*What you are asked to do*:
Although the listing below holds pictures, reproduce only its lines from the one containing "1)Измельчите в крошку" through the last, exactly and without them.

*Data excerpt*:
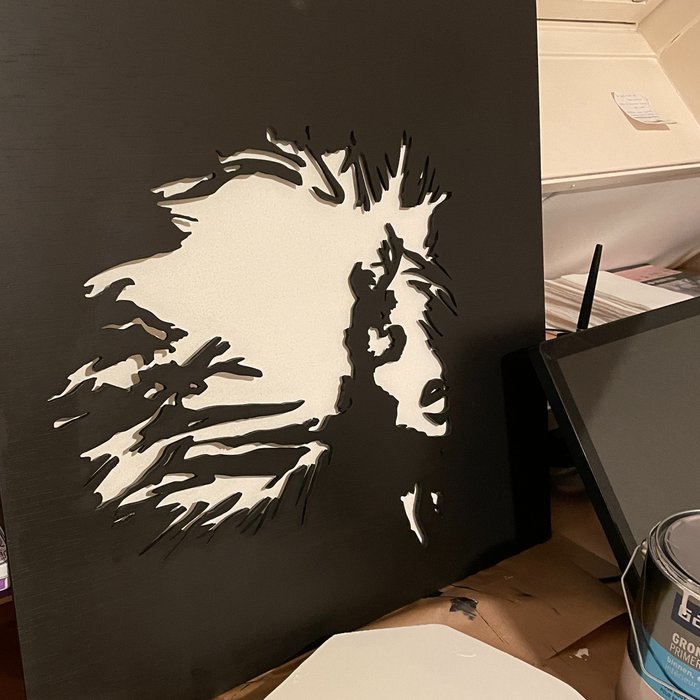 Dit geheel handgemaakte (inclusief lijst) kunstwerk is rechtstreeks afkomstig uit het atelier van de maker. 3 lagen gezaagd en geschilderd houten panelen vormen tezamen een 3D beeld van Tina Turner.
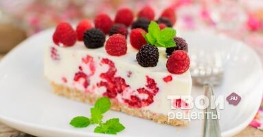 1)Измельчите в крошку крекеры с отрубями. Добавьте кокосовую стружку и растопленное сливочное масло. Тщательно перемешайте. 2) Бортики формы диаметром 20 см выстелите бумагой для выпечки или пленкой. Пересыпьте в нее масляную крошку. Равномерно распределите по поверхности и утрамбуйте, формируя основу для торта. Уберите в холодильник, пока готовите начинку. 3) Творожный сыр (типа Almette) комнатной температуры взбейте с сахаром и сливками, чтобы сахар полностью растворился. 4) Желатин замочите в холодной воде по инструкции. Тем временем доведите до кипения 2 ст. л. воды, снимите с огня. Желатин отожмите и растворите в горячей воде. Добавьте к сырной массе и взбейте, чтобы желатин равномерно распределился по ней. 5) Добавьте к сырной массе половину малины, аккуратно перемешайте. 6) Выложите начинку на основу, разровняйте поверхность. Накройте пленкой и уберите в холодильник часа на 4 или пока не схватится. 7) С готового торта аккуратно снимите форму и украсьте его оставшейся малино
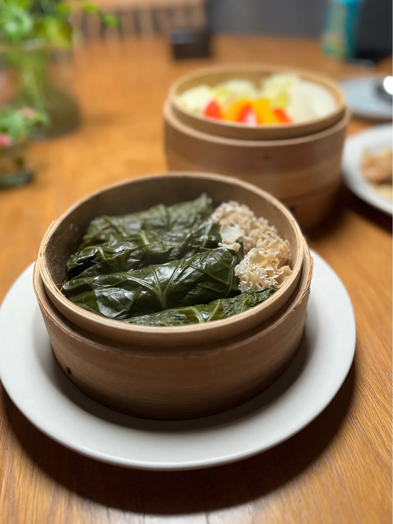 • 11/30の夕食 野菜の蒸籠蒸し 菊芋、大根、手羽先、せり|yoneさん
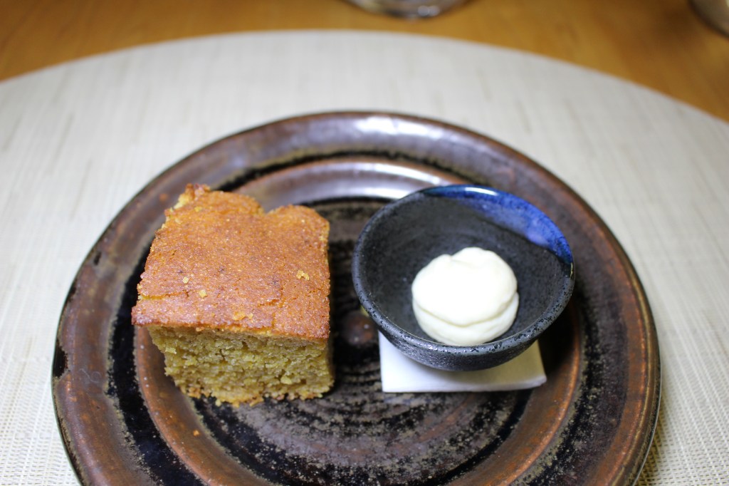 まずは、白味噌ハニーバターを添えたバターミルクのコーンブレッドがでてきました。コーンブレッドは適度に温められています。こういうちょっとした心遣いが嬉しいですよね。

*Output*:
 1)Измельчите в крошку крекеры с отрубями. Добавьте кокосовую стружку и растопленное сливочное масло. Тщательно перемешайте. 2) Бортики формы диаметром 20 см выстелите бумагой для выпечки или пленкой. Пересыпьте в нее масляную крошку. Равномерно распределите по поверхности и утрамбуйте, формируя основу для торта. Уберите в холодильник, пока готовите начинку. 3) Творожный сыр (типа Almette) комнатной температуры взбейте с сахаром и сливками, чтобы сахар полностью растворился. 4) Желатин замочите в холодной воде по инструкции. Тем временем доведите до кипения 2 ст. л. воды, снимите с огня. Желатин отожмите и растворите в горячей воде. Добавьте к сырной массе и взбейте, чтобы желатин равномерно распределился по ней. 5) Добавьте к сырной массе половину малины, аккуратно перемешайте. 6) Выложите начинку на основу, разровняйте поверхность. Накройте пленкой и уберите в холодильник часа на 4 или пока не схватится. 7) С готового торта аккуратно снимите форму и украсьте его оставшейся малино
 • 11/30の夕食 野菜の蒸籠蒸し 菊芋、大根、手羽先、せり|yoneさん
 まずは、白味噌ハニーバターを添えたバターミルクのコーンブレッドがでてきました。コーンブレッドは適度に温められています。こういうちょっとした心遣いが嬉しいですよね。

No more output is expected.